B-Human's Video Analysis App

In the 2022 RoboCup Standard Platform League Video Analysis Challenge, members from seven teams labelled images from recordings of RoboCup 2019 soccer games. Each team labeled the ball and all players including their jersey colors and their jersey numbers in 5000 images. These 35000 labeled images could then be used by the teams to develop software that is helpful in automatically analyzing games based on video recordings. This is B-Human's contribution to this challenge.

The application showing the video of a half not in the training set with the positions of the ball and the players. The orange line indicates the ball possession of the player that just kicked the ball while it is still rolling. The statistics determined from the GameController log file and from the video are shown next to the video.

Approach

Object Detection

A YOLOv5 [1] network was trained with an input resolution of 1920x1080 with bounding boxes of the ball and the players including their jersey colors. Only 682 images were actually used at a 70/20/10 split. The inference takes ~55 ms per image on an M1 Apple Neural Engine.

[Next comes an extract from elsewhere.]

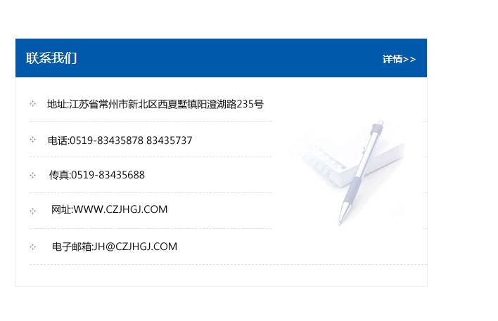 地址:常州市新北區友邦商務大廈1幢16、17層  電話:0519-85101652  傳真:0519-85112595  郵編:213022  網址:www.cz-jiayue_cn.hncwsl.com  郵箱:xiajifengaa@163.com
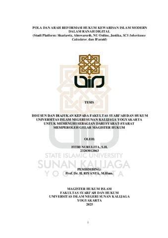 Text (POLA DAN ARAH REFORMASI HUKUM KEWARISAN ISLAM MODERN DALAM RANAH DIGITAL (STUDI PLATFORM: SHARIAWIZ, ALMWAREETH, NU ONLINE, JUSTIKA, SCS INHERITANCE CALCULATOR, DAN IFARAID))

Confusion matrix of ball and player colors in the test set

Camera Calibration

To transform the detections from image coordinates into field coordinates, an intrinsic and an extrinsic camera calibration are needed. We adapted the code provided by the team Berlin United [2] that offered the ability to optimize the extrinsic camera calibration using a hard-coded intrinsic calibration. We added the optimization of the intrinsic calibration together with the extrinsic one. We also added an inverse transformation from field coordinates back into the image. The calibration is performed on a background image that is computed from many images of the video to eliminate moving objects from the field to get a clear view at the field lines. This image is computed before the first playback of the game video and stored for later use. The calibration is also performed at this time and stored as well.

World Model

The bounding boxes of the players are tracked using a centroid multi object tracker [3] ignoring the colors in YOLOv5’s non-maximum suppression. For each track, the recent history of colors associated with it is maintained and the most frequent color is assigned as the player's color. False ball detections are filtered out based on an assumed maximum speed of the ball. The centers of the bounding boxes are projected into the world based on an assumed height above ground, i.e. 5 cm for the ball and 26 cm for the players. If the projection of a player's ground position back into the image is outside its bounding box, the player is assumed to be fallen.

Application

The application has five views: One for the game video, a 2D field, a heat map of the ball's position, and two views for showing the segmentation of green and white, which is required by the camera calibration approach. The application also reads the GameController's log file of the game and plays back its events while the the video is running. Thus, statistics about the game events can be created and other statistics can, e.g., be limited to the Playing state. From the video, statistics are generated per team about fallen robots, the distance walked, the ball possession, the distance the ball was moved while in possession of a team, the average ball distance to the own goal, and the average sizes of the controlled areas.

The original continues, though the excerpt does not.